Pensilva () is a village in the civil parish of St Ive and Pensilva, in east Cornwall, England, United Kingdom. It is at  about four miles (6 km) northeast of Liskeard. Nearby settlements include Charaton Cross and Middlehill.

The original small settlement grew quickly during the nineteenth century in response to industrial activity on the moorland north and west of the village. There is a Church of England chapel of St John (a chapel-of-ease to St Ive).

The village centre is about a mile from the edge of Bodmin Moor at Caradon Hill, on top of which is a large mast for the transmission for TV signals to the area. Caradon Hill is heavy with ancient mineshafts and engine houses dating from the 1900s wherein various ores of tin, zinc and arsenic were mined.

Pensilva is not generally considered a destination for tourists although nearby Minions has some historical attractions in the form of The Cheesewring—a stone monument at the head of a quarry—and The Hurlers, a set of standing stones. Caradon Hill with all its mine workings and open country is always worth a walk. As you approach the top of the hill, you can see parts of Plymouth and the Tamar estuary and further along the coast you can see the sea in the South. Sheep, cows and horses roam free on the hill and surrounding roads.

There is one general-grocery shop in the middle of the village.

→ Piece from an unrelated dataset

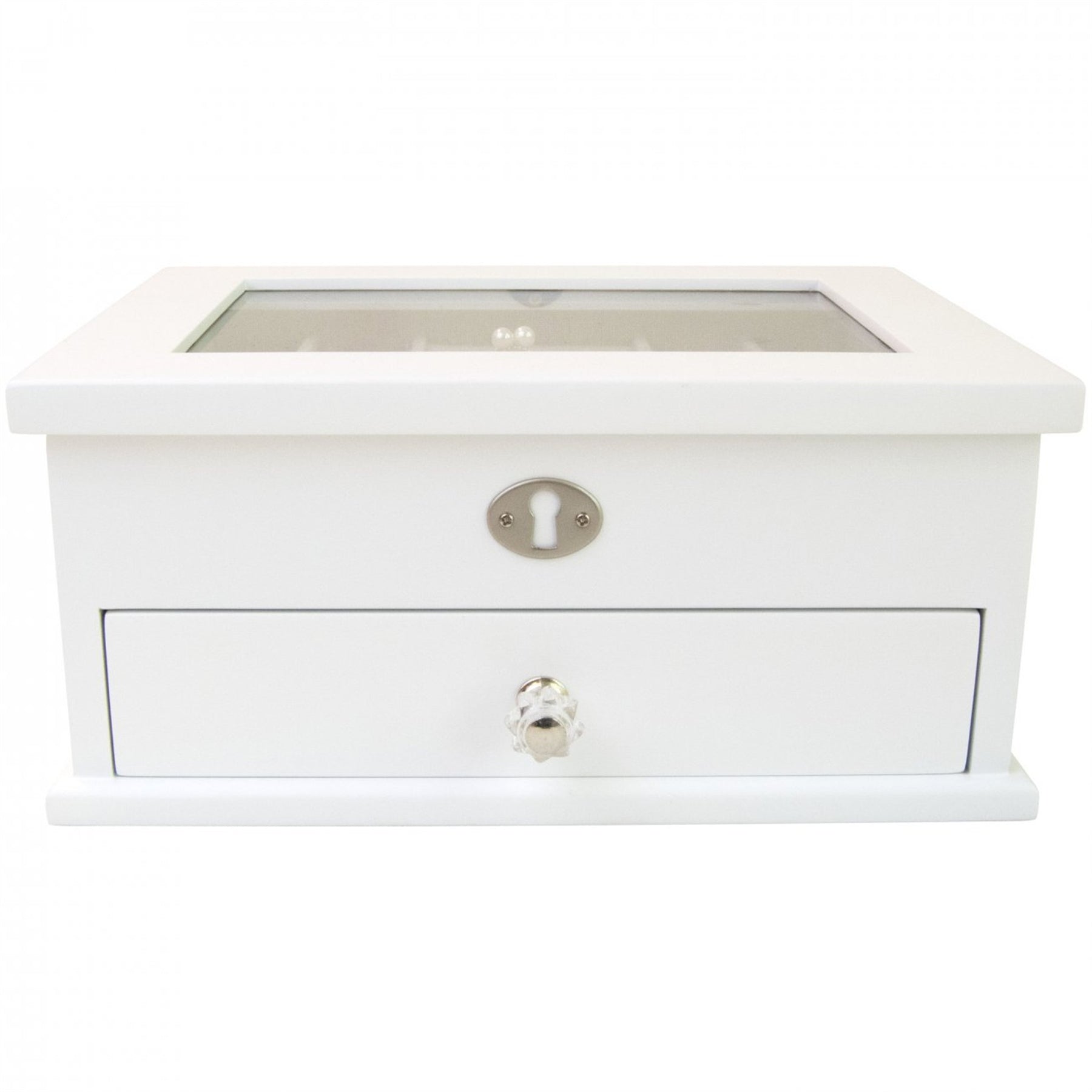 This compact, wooden jewelry box features a glass window lift top, that reveals a collection of compartments to showcase all your prized pieces. White finish with beige linen interior. This organizer features a single drawer storage, as well as 8 smaller compartments and ring roll for easy storage.

The local pub in Minions—The Cheesewring—burnt down on Christmas Eve 2021. Other nearby pubs are The Wheal Tor and The Crows Nest. As of 26 December 2022, the Victoria Inn, the village pub, has closed permanently, presumably as the land has greater value as flats and apartments; building work has already started on the periphery.

The Millennium House in Pensilva is a community owned social centre built in 1999. Over the years it has waxed and waned in popularity and the incumbent small bar has changed from a club to a pub in that time. It is the location of the part-time Post Office and a volunteer-run café is open during PO hours. 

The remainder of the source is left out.